For two months, New York Republicans have lied to the American people: Without evidence that would hold up in any court of law, not even one with a partisan GOP judge, they claimed that some sort of fraud had been perpetrated in the recent election that President-elect Joe Biden won by more than 7 million votes.
And then, Wednesday, when their misinformed followers stormed the U.S. Capitol building, shattering windows, firing weapons and attempting to take control of the federal government by force, they acted surprised. Reps. Nicole Malliotakis, Elise Stefanik, Chris Jacobs and Lee Zeldin said they would object to certifying electors in key states Trump lost, but then issued statements opposing the riot. Long Island Rep. Andrew Garbarino was too cowardly even to say how he would vote. Reps. Tom Reed and John Katko were the only Republicans in the state who said they would vote to certify the election without any objection.
President Donald Trump, who has been attempting to get the election result overturned by every other means at his disposal, posted a video simultaneously saying that the election result was fraudulent and that the protesters should go home.
These are somewhat contradictory claims, and no one who encouraged this attempted coup should be allowed to pretend that they didn’t.
If the election really were stolen, armed insurrection might actually be an appropriate response – a defense of democracy, rather than its downfall. So why aren’t Jacobs, Malliotakis, Zeldin, Stefanik, Trump and his henchman-lawyer, former New York City Mayor Rudy Giuliani defending the violent coup attempt? Because they know the election wasn’t really stolen.
They have stoked their base’s anger, its resentment at being outvoted by a more diverse America, for their own political advantage and, in some cases, personal profit. They did so on the assumption that no one would actually be so foolish as to act on the clear implication of their own words.
Well, some people did, and it’s the responsibility of those who led them to this point.

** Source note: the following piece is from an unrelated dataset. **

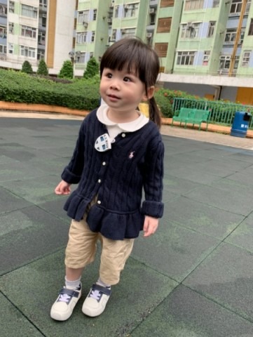 我揀左最愛既深藍色衫俾蠔豉妹妹著,好似穩重啲!

Truth be told, it’s the responsibility of every Republican who indulged Trump all along. Those who voted against impeachment sent the message to Trump that there would never be any consequences for his unpatriotic and antidemocratic behavior. Stefanik rose to national prominence as a manager of Trump’s impeachment defense. What sort of American defends the president for attempting to extort foreign interference in an election on his behalf? That too was an assault on American democracy, even if it took place without chaos at the Capitol.
As disturbing as Wednesday’s events are, they are really no different from what Trump and his supporters already have done. Trying to retain power after losing an election through nonviolent means, whether it’s frivolous lawsuits or bullying state officials to alter the result through the threat of extortion, is also an attempted coup. When Reps. Stefanik and Zeldin signed onto Texas’ suit asking the U.S. Supreme Court to throw out the votes in decisive swing states – even ones in which local Republican officials affirmed there was no fraud – they were attacking their fellow citizens’ voting rights.
Trump lost 61 of 62 lawsuits, winning only one to limit the number of days after the election that an absentee ballot could be counted in Pennsylvania. He lost every recount. Every independent authority that assessed his claims of election irregularities found them to be baseless. And yet he and his minions kept refusing to admit the truth. If you tell your supporters that Trump really got more votes, why wouldn’t you expect them to act accordingly?
Wednesday morning, at a rally in Washington, D.C., Giuliani endorsed “trial by combat” and Manhattan native Donald Trump, Jr. told members of Congress who didn’t sign on to his father’s attempt to seize power "We're coming for you."
These people are as guilty of sedition as the marks for their con; as guilty as the mob boss who orders the hit and as much a threat to the republic as any since the Confederacy.